■ **Work instruction**: Repeat only the lines from the one that contains "Cute Baby Girl" through the final line of the listing below, exactly, please, without pictures.

START Material provided

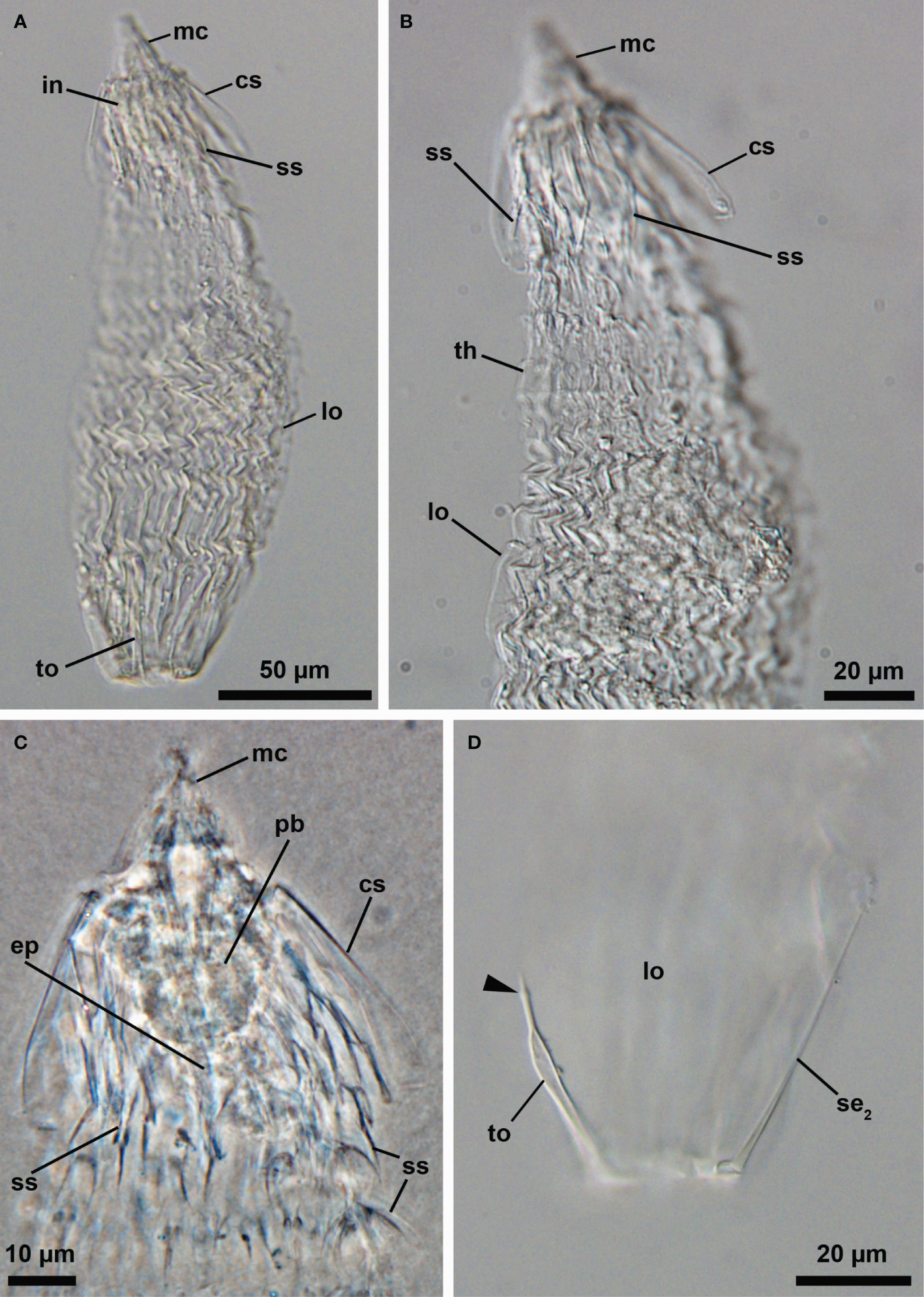 Light micrographs of the Higgins larva of an undescribed genus (NHMD-621043). (A) Overview. Ventral view, anterior faces up. (B) Posterior region of the body. (C) Close-up of the anterior region of the body. (D) Posterior region of the body. Note the small bulge near the distal end of the toe (arrowhead). Abbreviations: cs, clavoscalids; in, introvert; lo, lorica; mc, mouth cone; pb, pharyngeal bulb; se2, posterolateral seta; ss, spinoscalid; th, thorax; to, toe.
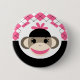 Cute Baby Girl Sock Monkey Pink Black Argyle 6 Cm Round Badge
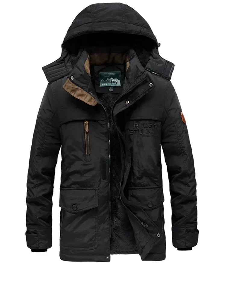 Color: Khaki, Size: XXL - TELLHIGH 2024 Winter Parka Men Jacket Mens Plus Velvet Men Hooded Windbreaker Coats Men Casual Warm Jackets Coat Detachable Hat

END Material provided

■ **Written response**:
 Cute Baby Girl Sock Monkey Pink Black Argyle 6 Cm Round Badge
 Color: Khaki, Size: XXL - TELLHIGH 2024 Winter Parka Men Jacket Mens Plus Velvet Men Hooded Windbreaker Coats Men Casual Warm Jackets Coat Detachable Hat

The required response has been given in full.